**MATERIAL TO PROCESS**
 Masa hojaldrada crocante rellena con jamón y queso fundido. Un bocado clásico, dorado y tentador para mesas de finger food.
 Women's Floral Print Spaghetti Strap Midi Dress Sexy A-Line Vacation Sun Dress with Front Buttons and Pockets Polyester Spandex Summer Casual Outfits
==
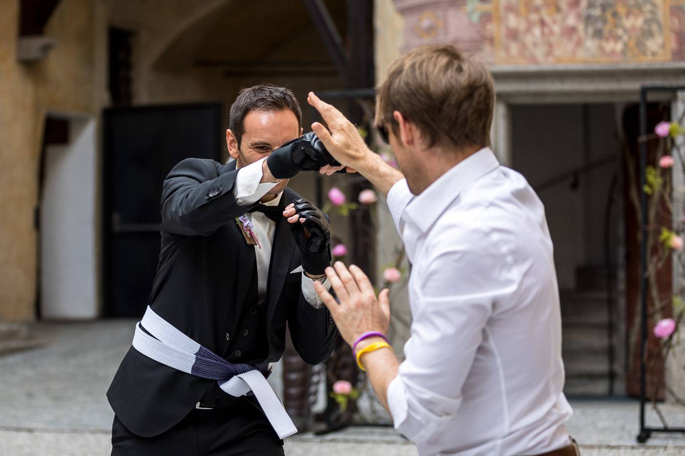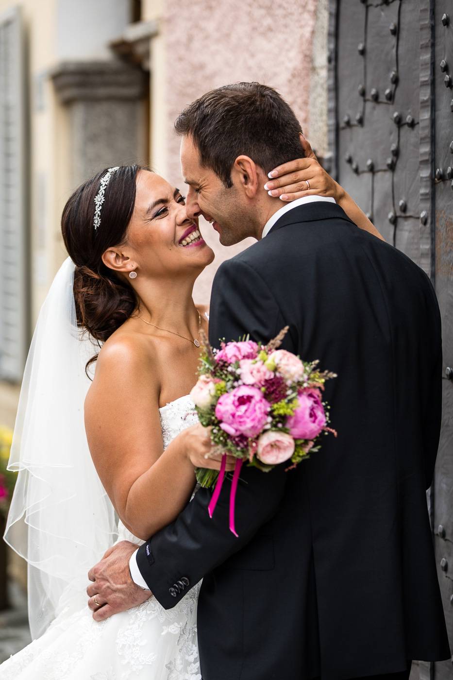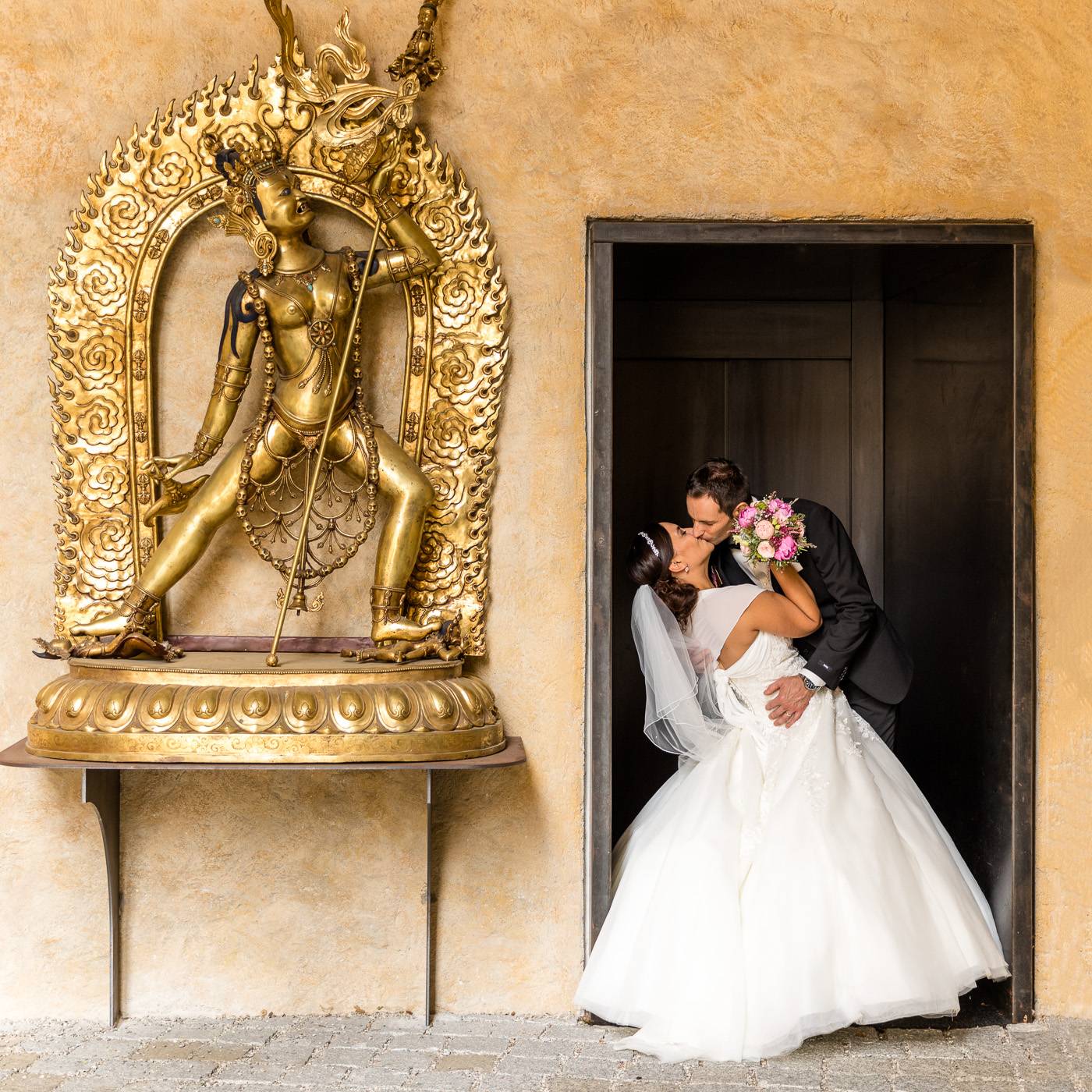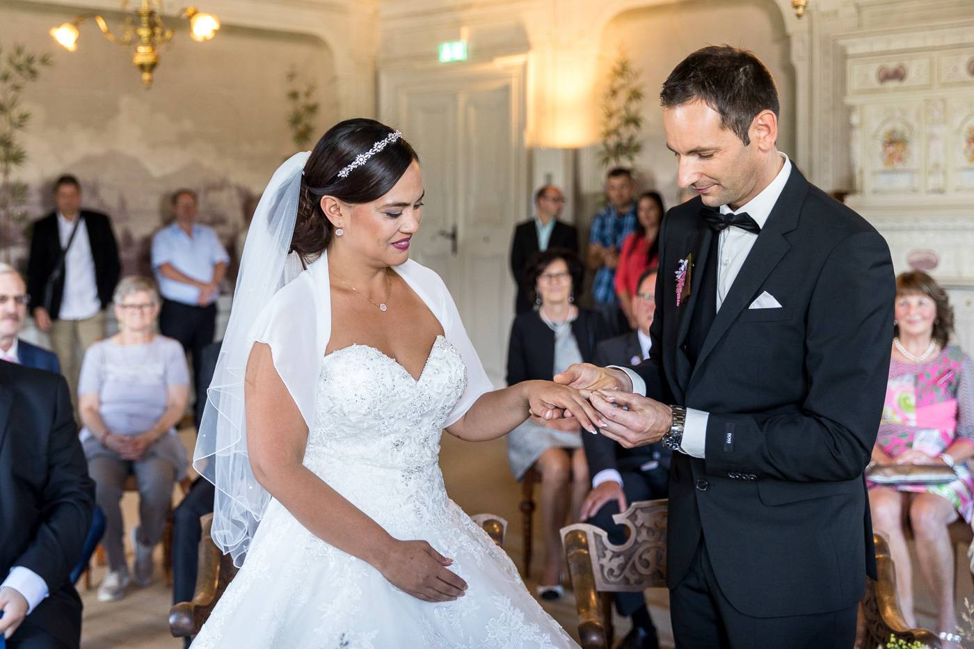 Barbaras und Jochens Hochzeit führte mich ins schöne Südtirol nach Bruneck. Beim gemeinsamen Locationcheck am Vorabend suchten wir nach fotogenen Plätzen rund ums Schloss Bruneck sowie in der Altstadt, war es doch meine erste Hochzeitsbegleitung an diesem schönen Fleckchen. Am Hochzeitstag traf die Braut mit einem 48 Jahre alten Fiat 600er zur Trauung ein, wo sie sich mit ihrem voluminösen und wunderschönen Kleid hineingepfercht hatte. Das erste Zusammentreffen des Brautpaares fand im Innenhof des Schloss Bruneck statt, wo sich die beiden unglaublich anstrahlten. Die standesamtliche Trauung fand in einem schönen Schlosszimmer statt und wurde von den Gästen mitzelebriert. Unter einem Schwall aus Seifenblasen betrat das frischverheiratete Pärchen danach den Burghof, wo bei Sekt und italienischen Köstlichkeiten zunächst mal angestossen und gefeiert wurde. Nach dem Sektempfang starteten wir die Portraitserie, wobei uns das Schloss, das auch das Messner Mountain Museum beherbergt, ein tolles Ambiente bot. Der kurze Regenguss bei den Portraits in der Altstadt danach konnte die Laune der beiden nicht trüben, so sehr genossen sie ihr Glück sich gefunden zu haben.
==
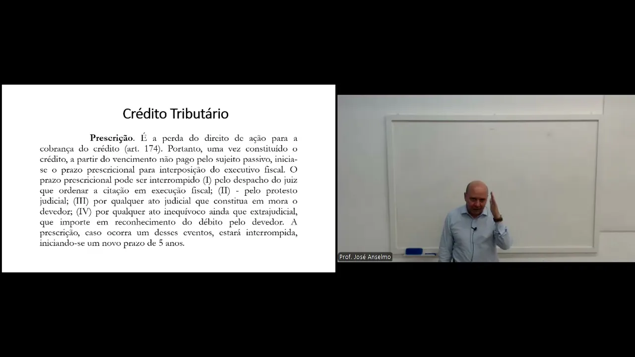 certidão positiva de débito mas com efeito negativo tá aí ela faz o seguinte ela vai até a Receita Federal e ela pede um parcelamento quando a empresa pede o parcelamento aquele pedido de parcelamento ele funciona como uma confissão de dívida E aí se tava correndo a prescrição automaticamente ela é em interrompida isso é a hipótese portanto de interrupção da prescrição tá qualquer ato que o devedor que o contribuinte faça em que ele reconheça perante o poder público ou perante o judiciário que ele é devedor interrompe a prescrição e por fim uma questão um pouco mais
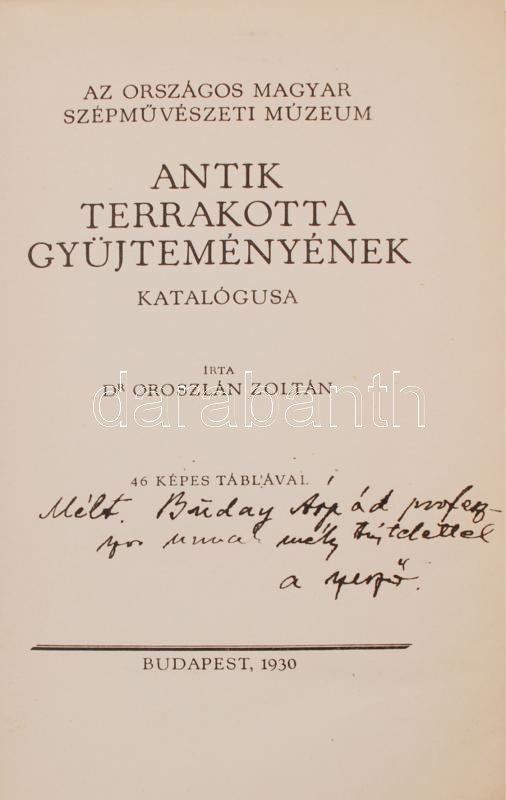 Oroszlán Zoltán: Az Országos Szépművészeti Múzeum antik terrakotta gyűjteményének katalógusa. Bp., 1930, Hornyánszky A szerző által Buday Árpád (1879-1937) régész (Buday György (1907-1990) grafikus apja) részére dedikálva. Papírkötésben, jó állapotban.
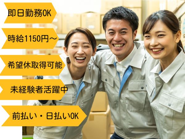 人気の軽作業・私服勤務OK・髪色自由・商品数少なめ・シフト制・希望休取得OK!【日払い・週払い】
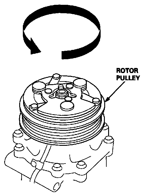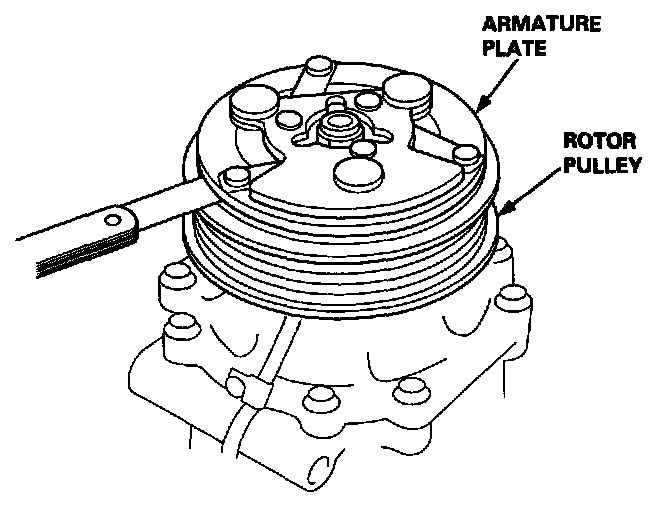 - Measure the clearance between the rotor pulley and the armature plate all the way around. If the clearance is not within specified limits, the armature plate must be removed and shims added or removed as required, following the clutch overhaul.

**ABOUT THIS TASK**
Print, word for word, the lines above that run from the line containing "Oroszlán Zoltán: Az" to the line containing "- Measure the", both included. Keep the pictures out.

**COMPLETED TASK**
 Oroszlán Zoltán: Az Országos Szépművészeti Múzeum antik terrakotta gyűjteményének katalógusa. Bp., 1930, Hornyánszky A szerző által Buday Árpád (1879-1937) régész (Buday György (1907-1990) grafikus apja) részére dedikálva. Papírkötésben, jó állapotban.
 人気の軽作業・私服勤務OK・髪色自由・商品数少なめ・シフト制・希望休取得OK!【日払い・週払い】
 - Measure the clearance between the rotor pulley and the armature plate all the way around. If the clearance is not within specified limits, the armature plate must be removed and shims added or removed as required, following the clutch overhaul.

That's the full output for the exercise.